地震というのは世界中どこでも起こるわけではなく、地震が起こる場所は決まっていいます。その地震国のうちの一つが日本だという話は、これまでもこの番組で出てきたのではないかと思います。火山も同じです。火山も地震と同じように、プレートテクトニクスという地球の表面を覆っているプレートの動きに関係していて、できる場所が決まっています。まずどこにあるかというと、プレートが出てくる所、地球の中から上がってきて、プレートが広がっていく所に火山ができます。それは実は海の底に多く、例えば、大西洋中央海嶺などのような海の中のプレートが出てくる所に、まず火山ができます。あと、できる所として、日本のようなプレートが沈み込んでいく所。プレートが沈み込んでいくときには、海の水を一緒に持っていって、ある程度深い所まで潜り込むと、その辺りでとけやすくなります。そのとけた岩石がマグマとなって、その地上のほうに上がってきて火山になりますので、日本のプレートの沈み込んでいる領域には火山が多い、ということになります。
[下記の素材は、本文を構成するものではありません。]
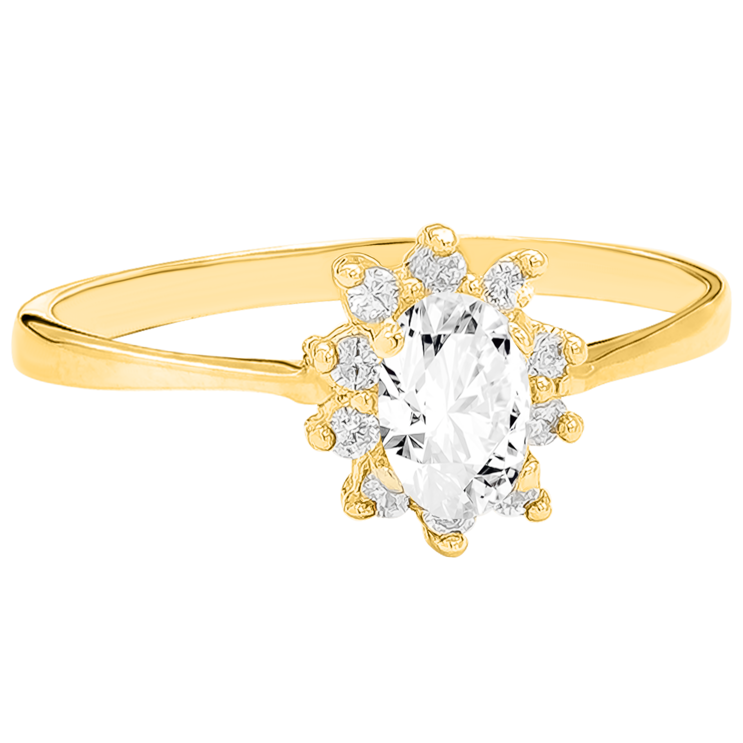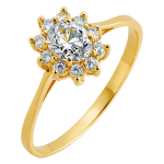 Złoty Pierścionek Zaręczynowy z Subtelnym Zdobieniem z Żółtego Złota z Białymi Cyrkoniami R16 0.585
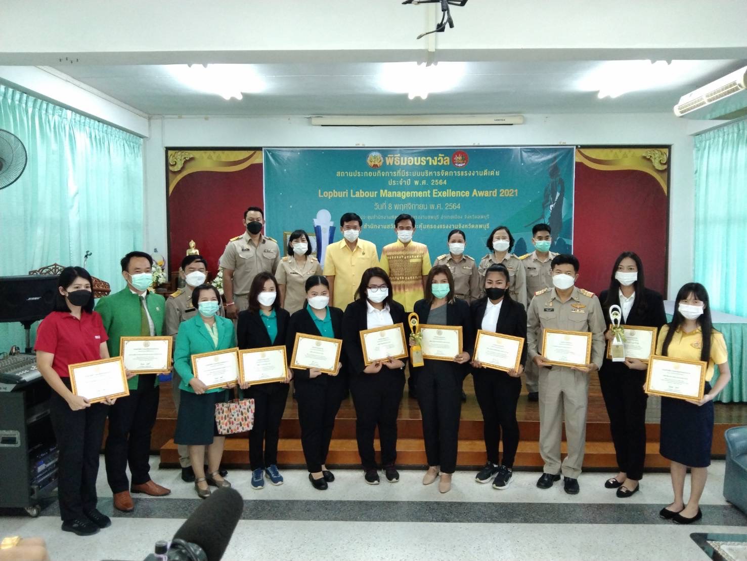 วันที่ 8 พฤศจิกายน 2564 เวลา 09.30 น. นางสาวสุกัญญา องค์วิเศษไพบูลย์ แรงงานจังหวัดลพบุรี มอบหมายให้ นายเชน รัตนเสถียร นักวิชาการแรงงานชำนาญการ พร้อมด้วยหัวหน้าส่วนราชการในสังกัดกระทรวงแรงงานจังหวัดลพบุรี ร่วมพิธีมอบรางวัลสถานประกอบกิจการที่มีระบบบริหารจัดการด้านแรงงานดีเด่น ประจำปี 2564 โดยมี นายนิวัฒน์ รุ่งสาคร ผู้ว่าราชการจังหวัดลพบุรี เป็นประธานในพิธี ฯ ณ ห้องประชุมสำนักงานพัฒนาฝีมือแรงงานลพบุรี อำเภอเมืองลพบุรี จังหวัดลพบุรี

それ以外に、もう1カ所、ホットスポットが太平洋プレート上のハワイにあります。そこは地球の中から表面にマグマが上がっていくところです。この場所がプレート運動により、移動していきます。実はハワイ諸島というのは1つではなく、点々点々と直線状につながっています。一番東側にある島が一番若い、今活発な活動をしている地域で、だんだん西に移動していきます。要するに日本に近づいてきているわけです。日本に近づいてくるほど古い山になって、古い島になっています。これは昔、火山の噴火をしたけれど、今は活動していない、そのようなことが分かってきています。

地震と火山

地震が多い所に火山が多いというのは、結局プレートテクトニクスというプレートの動きに起因するもので、地球が生きているということです。我々は地震や火山などの被害はあるけれど、だからこそ景色がよく、生活できる場所を得られているということになります。
地震と火山は、いろいろな関係があると思います。例えば火山において、マグマが上がってくるときには、当然地面の中を上がってくるわけですから、岩石を突き破ってこなければいけない。岩石を突き破る、破壊するときには地震が起きたりしますし、マグマが上がってくることによって、地殻の応力場が変動します。また活断層の地震が起こるというのは、プレートが乗った地面が押し合っていて、それが急に破壊されて起こるのが原因です。マグマが上がってくることによって、そのへんの力関係、釣り合いが変わって地震が起こりやすくなることもないとは言えないでしょう。

※今回のインタビュー記事は、「FM salus」が過去に放送した「サロン・ド・防災」の内容を、一部改定して掲載しています。